Foi responsável pela cenografia de diversas novelas, casos especiais; o seriado “O Bem Amado”, além de outros programas da emissora.

 No cinema foram mais de 25 filmes, entre longas, curtas e de publicidade.

Além do trabalho no teatro, tv e cinema, prestou assessoria técnica em projetos, reformas, construções e adaptações em mais de 100 teatros em todo o Brasil.

Autor dos livros: “Odorico Paraguaçú – O Bem Amado”, de Dias Gomes, lançado em 2009, e “Teatros do Rio do Século XVIII ao Século XX”, lançado em 2014.

Membro Titular de 10 associações e Sociedades.

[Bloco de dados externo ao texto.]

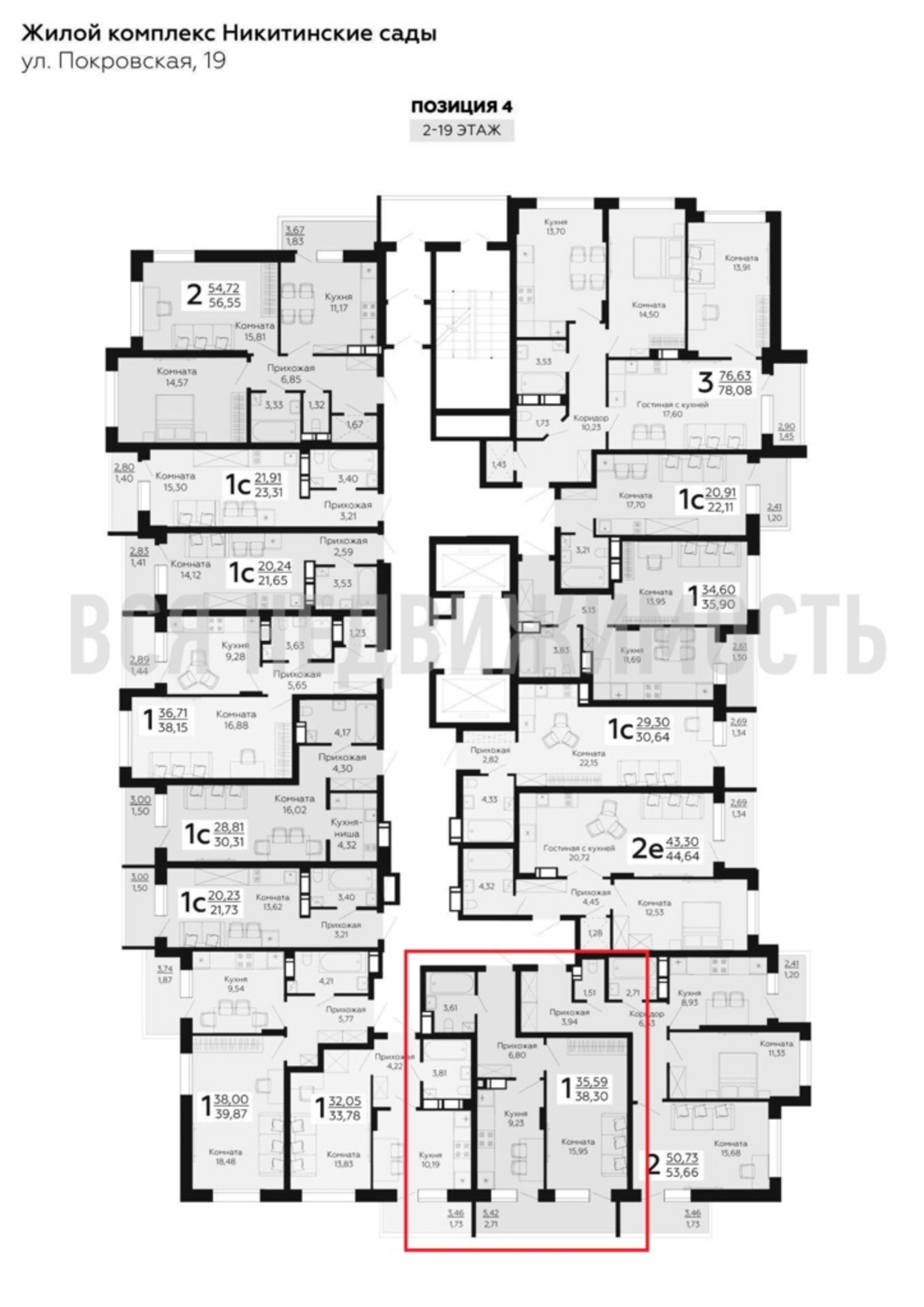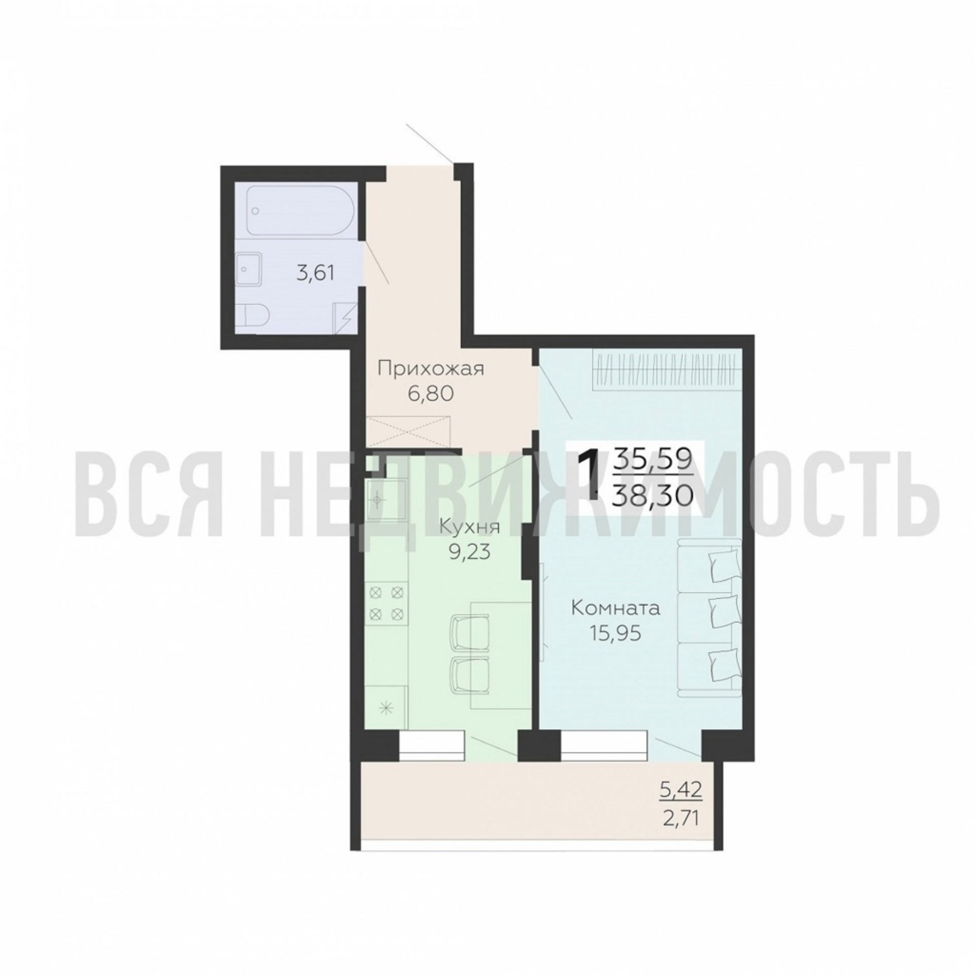 1-комнатная квартира, 38.30 м² 12/19 этаж ID объекта 100090463

Membro da Academia Brasileira de Educação, ocupando a cadeira de número 16.

Se dedicou a uma monumental pesquisa histórica sobre as casas de espetáculo do Rio de Janeiro, teatros que marcaram a vida cultural da cidade, desde os tempos do Brasil Colônia.

Realizou inúmeros trabalhos com Aderbal Freire-Filho.

– Depoimento de José Dias, que não poderia ser mais atual:

“Foi a vontade das pessoas de teatro, atores e diretores, o amor deles pela arte, que não os deixava desistir, já que eles sempre estavam prontos para reconstruir as casas, e isso manteve a arte teatral no país”.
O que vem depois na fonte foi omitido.